The DrScheme languages are restricted subsets of Scheme. The same
could certainly be done in a learning environment for Haskell, but is
more difficult in Java or C++. Even if the student is told to "ignore"
some things for now, many of the problems they have are often caused by
not understanding the things they're supposed to be ignoring--which can
be incredibly frustrating.
If you had set the DrScheme language to one of the two "Beginning
Student" levels, you would have seen:
function call: expected a defined name or a primitive operation
name after an open parenthesis, but found a number
And "+1" would have been highlighted. This would have been reported
when you entered the *definition* for length2, not when you applied it.

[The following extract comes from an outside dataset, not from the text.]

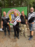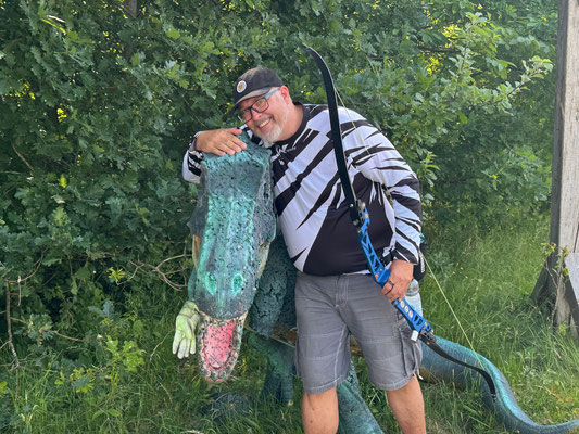 Im Mai geht's mit den Wettbewerben Schlag auf Schlag, oder besser gesagt "Schuss auf Schuss"! Die 3D-Variante des Bogenschießens hat in Achim bekanntermaßen einen hohen Stellenwert! So war es auch nicht verwunderlich, dass sich alleine 8 ABS'ler*innen zur Kreismeisterschaft angemeldet hatten! Die 6 anderen Starter*innen kamen aus Oyten, Posthausen und Verden/Dauelsen. Den Parcours hatte wieder einmal Arno Kütemeyer (Achim) derart geschickt platziert, dass die 3D-Hobbyjäger auf engstem Raum durchaus anspruchsvolle Ziele zu bewältigen hatten. Zwölf Tiere, die jeweils in zwei Runden beschossen wurden, galt es zu "erlegen". Laut Regelwerk wurden pro Ziel zwei Wertungspfeile geschossen und so kam es am Ende der Meisterschaft zu Ergebnissen und neuen Kreismeistern und Kreismeisterinnen. In gemütlicher Grillrunde wurde schließlich verlesen, wer dieses Mal die Nase vorn hatte. In der Klasse Instinktiv Master (männlich) gewann Ben Schmidt (ABS) mit großen Vorsprung den Titel und in der teilnehmerstärksten Klasse Blankbogen Master (männl.) konnte sich ein weiterer Achim, Raimond Ehrentraut) mit dem Tageshöchstergebnis klar durchsetzen. Der 3. Kreismeistertitel ging an Thomas Assmuß, allerdings ohne Konkurrenz aus dem Kreisverband. Fazit: 3D rocks!"

Switch to "Intermediate Student", and you get:
function call: expected a name after an open parenthesis, but
found a number
With "+1" highlighted, at definition of length2.
Switch to "Intermediate Student with lambda" or "Advanced Student",
and the definition is accepted, but the application (to a non-empty
list) reports:
procedure application: expected procedure, given: 1; arguments
were: 0
> I think it is important that error messages show exactly what was
> entered by the user (+1 and not 1) and that's why in Helium we
> remember each little detail in the abstract syntax tree.
Excellent idea.
> I still don't know what "arguments were: 1" means. Does it refer to
> the number of arguments?
Are you sure you it said that? Mine doesn't ;). I expect "arguments
were: 0". It was complaining about trying to apply "1" to the
argument that is the value of (length2 empty), which should be zero,
no?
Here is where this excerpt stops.